Basicamente são as duas principais despesas: a compra do apoio político e o
marketing, o programa eleitoral chamado “gratuito”. Gratuita é apenas a
veiculação na televisão, pois a produção não é. Pelo contrário, ela é muito
cara, caríssima. Não só pela necessidade de ter atores, produtores,
cinegrafistas, câmeras, editores e todo esse pessoal, mas também porque tem,
por trás de tudo, o marqueteiro, que é o profissional mais bem pago do mercado,
hoje. O bom marqueteiro é mais bem pago do que jogador astro de futebol. Esse
marqueteiro não trabalha de qualquer jeito, é um profissional exigente e quer
só o melhor para apoiar suas pesquisas.
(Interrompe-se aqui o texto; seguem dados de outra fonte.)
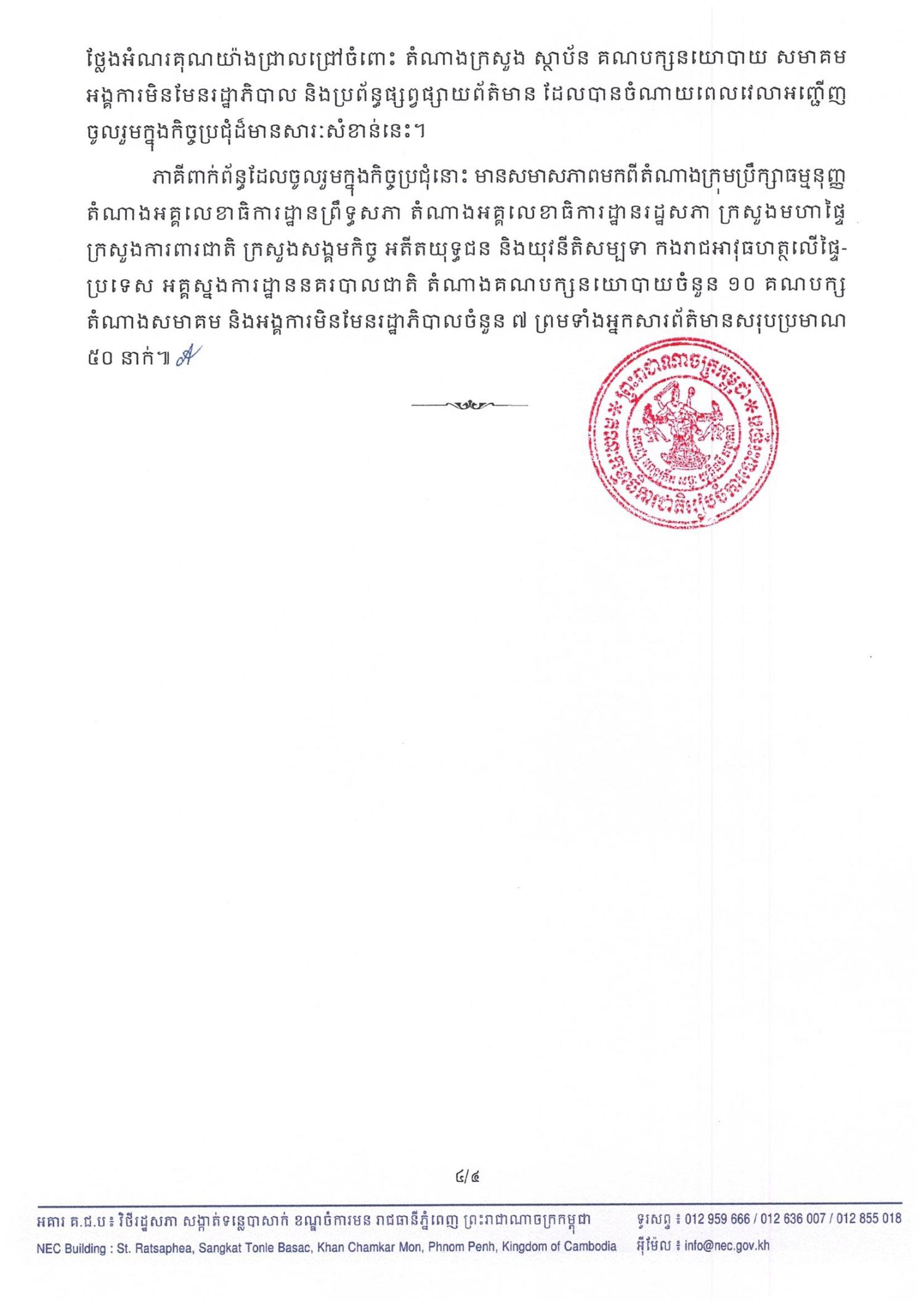 នាព្រឹកថ្ងៃពុធ ទី៣០ ខែមេសា ឆ្នាំ២០២៥ វេលាម៉ោង ១០:០០ នៅសាលសន្និសីទរបស់ គណៈកម្មាធិការជាតិរៀបចំការបោះឆ្នោត (គ.ជ.ប) មានកិច្ចប្រជុំជាមួយភាគីពាក់ព័ន្ធនឹងការបោះឆ្នោត ក្រោមអធិបតីភាពរបស់ ឯកឧត្តម មាន សទិ សមាជិក គ.ជ.ប និងជាប្រធានដឹកនាំកិច្ចប្រជុំដើម្បីផ្សព្វផ្សាយអំពីការពិនិត្យបញ្ជីឈ្មោះ និងការចុះឈ្មោះបោះឆ្នោត នីតិវិធីនៃការចុះឈ្មោះបោះឆ្នោត ការដាក់ ការទទួល និងការដោះស្រាយពាក្យបណ្តឹងពាក់ព័ន្ធនឹងការចុះឈ្មោះបោះឆ្នោត។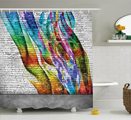 Rustic Home Decor Shower Curtain by Ambesonne, Abstract Graffiti Painted on Wall Harmony of Colors Street Art Fresco Print, Fabric Bathroom Decor Set with Hooks, 70 Inches, Multi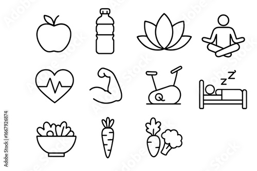 Set of minimalist icons: balance, time, technology, meditation, coffee, home, calendar, workspace, nature, love

Ele quer pesquisas qualitativas,
diárias, para avaliar o programa eleitoral que ele pôs no ar e para que, assim,
ele possa preparar o próximo capítulo. As pesquisas qualitativas são caríssimas
e tem de ter muito dinheiro para isso. Se não regulamentarmos uma forma para
impedir que esse custo da propaganda eleitoral continue alto, não conseguiremos
fechar a entrada de dinheiro ilícito. É preciso reformar esse modo de fazer
propaganda eleitoral para que fique mais barato.
Elder Dias —– Já houve algumas tentativas de baratear o horário
eleitoral. Como o sr. vê as restrições que hoje são impostas?
A legislação melhorou um pouco. Mas, ainda assim, existem algumas questões. Por
exemplo, hoje, um partido pode lançar uma vez e meia o número de candidato, na
eleição proporcional. Em uma coligação, esse número é o dobro das vagas. Ora,
se eu tenho 10 vagas em uma Câmara de vereadores, por que meu partido vai
lançar mais do que 10 candidatos? Se eu estou lançando 15 ou 20, eu estou
colocando um candidato para brigar com o outro, pelo voto. Ou seja,
correligionários disputando votos com correligionários. Se aumentam a
competição, aumenta a necessidade de dinheiro. Portanto, nós precisaríamos
diminuir a quantidade de candidatos. Cada partido ou coligação só poderia
lançar, no máximo, a quantidade de cadeiras que há de disputa.
Elder Dias —– E a lista fechada, como o sr. percebe isso?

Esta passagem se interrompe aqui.